The second screenshot is a diff that compares the LLM output with the original book.

nickthegreek · on Sept 23, 2023

What book? I just want to verify your statements. I don’t take 2 cropped screenshots on an image site as evidence to be frank.

gkbrk · on Sept 23, 2023

Frankenstein. You might argue that it is a public domain book, but it demonstrates that these LLMs can and do memorize books.

It also works with Harry Potter, but the API behaves weirdly and after producing correct output in the beginning really quickly, suddenly hangs. You can continue generating the correct words by doing more API calls, but it only does a few words at a time before stopping.
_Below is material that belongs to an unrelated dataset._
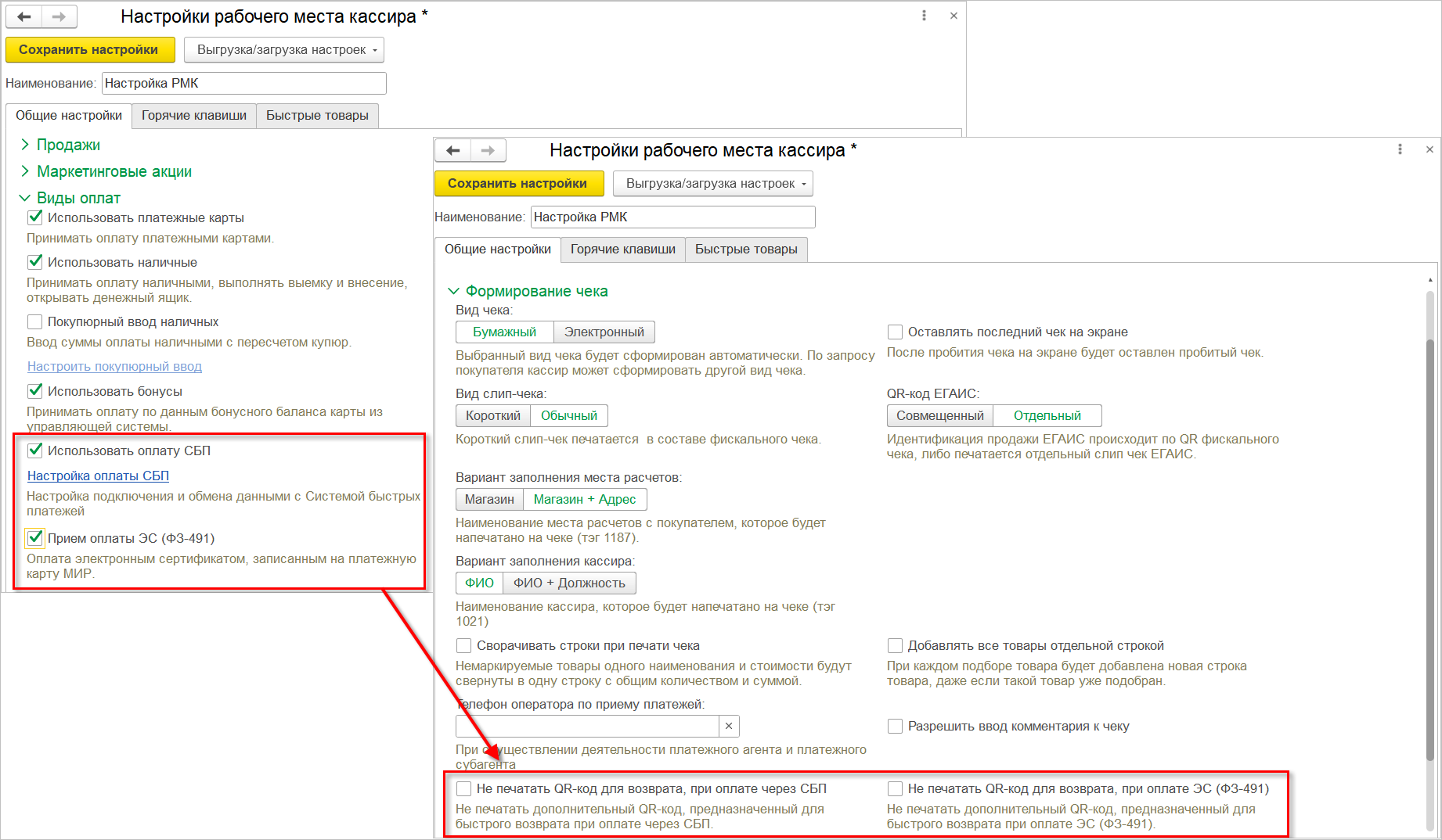 Настройка чеков. В чеке теперь можно регулировать вывод QR-кода для быстрого возврата товаров, оплаченных с помощью СБП или ЭС (ФЗ-491). Для этого в раздел "Формирование чека" добавлены одноименные опции. Их доступность зависит от используемых видов оплат.

It clearly knows the right content, but doesn't want to send it all at once.

I think there is some output filtering for "big" authors and stuff that is too famous that they filter in order to avoid getting sued.

I wrote more details about the weird Harry Potter behaviour here: https://news.ycombinator.com/item?id=37614697

beej71 · on Sept 22, 2023

The could do, but with enough input the odds of that happening are very remote, is my understanding.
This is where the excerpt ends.